I’m still learning how to adult successfully, I don’t think the learning ever stops and frankly some days I’m just winging it, but aren’t we all?
I have/had all these plans and goals and ideas of how this and that should be, and most of it doesn’t match my reality. Some of these goals are, undeniably attainable, but the rest of them are plain old ” you’ve watched too much TV as a kid Kela, and you need to stahppp”goals. Just goals that I probably based around the “Huxtable’s”. That perfect family, with the black and white issues that aren’t too perplex. Well although that sounds nice, no part of me is ” black or white”, heck I’m probably a mixture of maroon and mustard (yes they say I’m complicated). When you figure that color out let me know.

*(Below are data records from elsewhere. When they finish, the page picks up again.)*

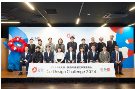
Presentation in Suminoe Ward, Osaka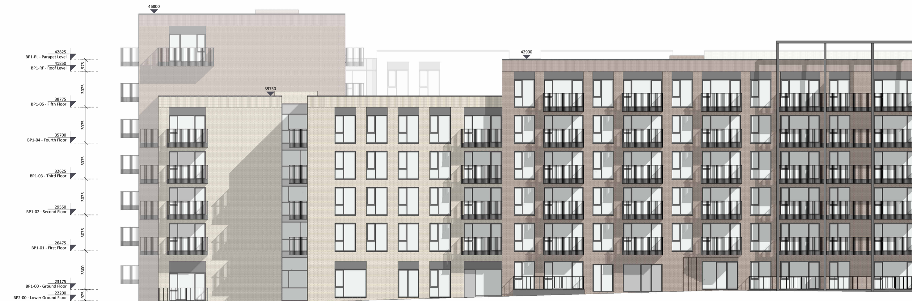
④ Block P - West Elevation 1 : 200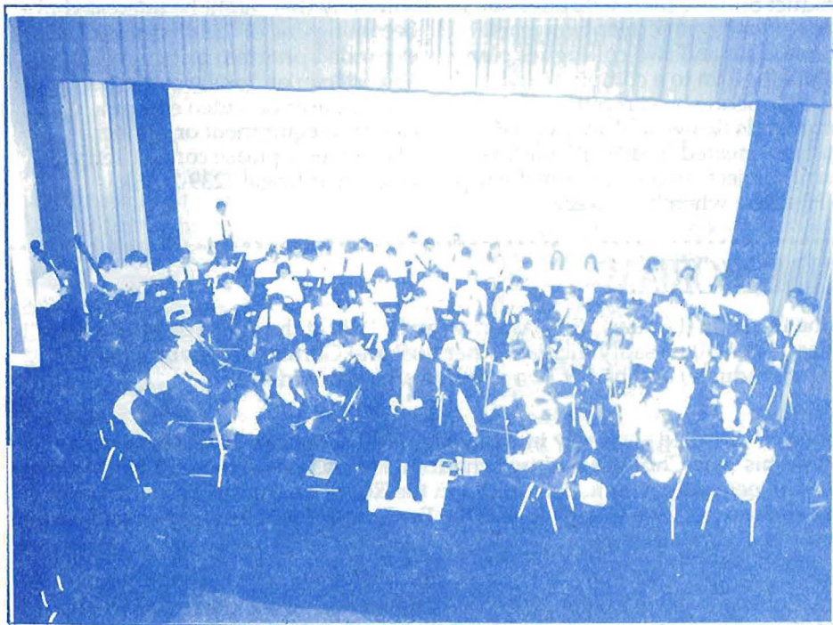
1950-51 North Orchestra visits Lisgar.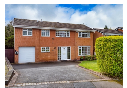
11 Swallowdale, Wightwick, Wolverhampton

Anyway that’s my focus moving forward. Not to find Nemo, not even to find myself (if you met me, you would know, I know who I am) but to find contentment in my here and now. To be okay with letting go of some of those “perfect” plans I had and not have it cause me anxiety. To not expect my kids to be well behaved always, and for Chris, (do remember him?) to come home early sometimes and for me to ignore the urge to sweep my floors for the 4th time today ( ok baby steps, I need to sweep 4 or 5 times in the event I missed a spot the third). To just be. I mean really be.
To reflect on my yesterday, my today and have the same feeling. Not wanting to change any steps that I’ve made along the way, but to be thankful that all those steps built me up, to make my steps tomorrow.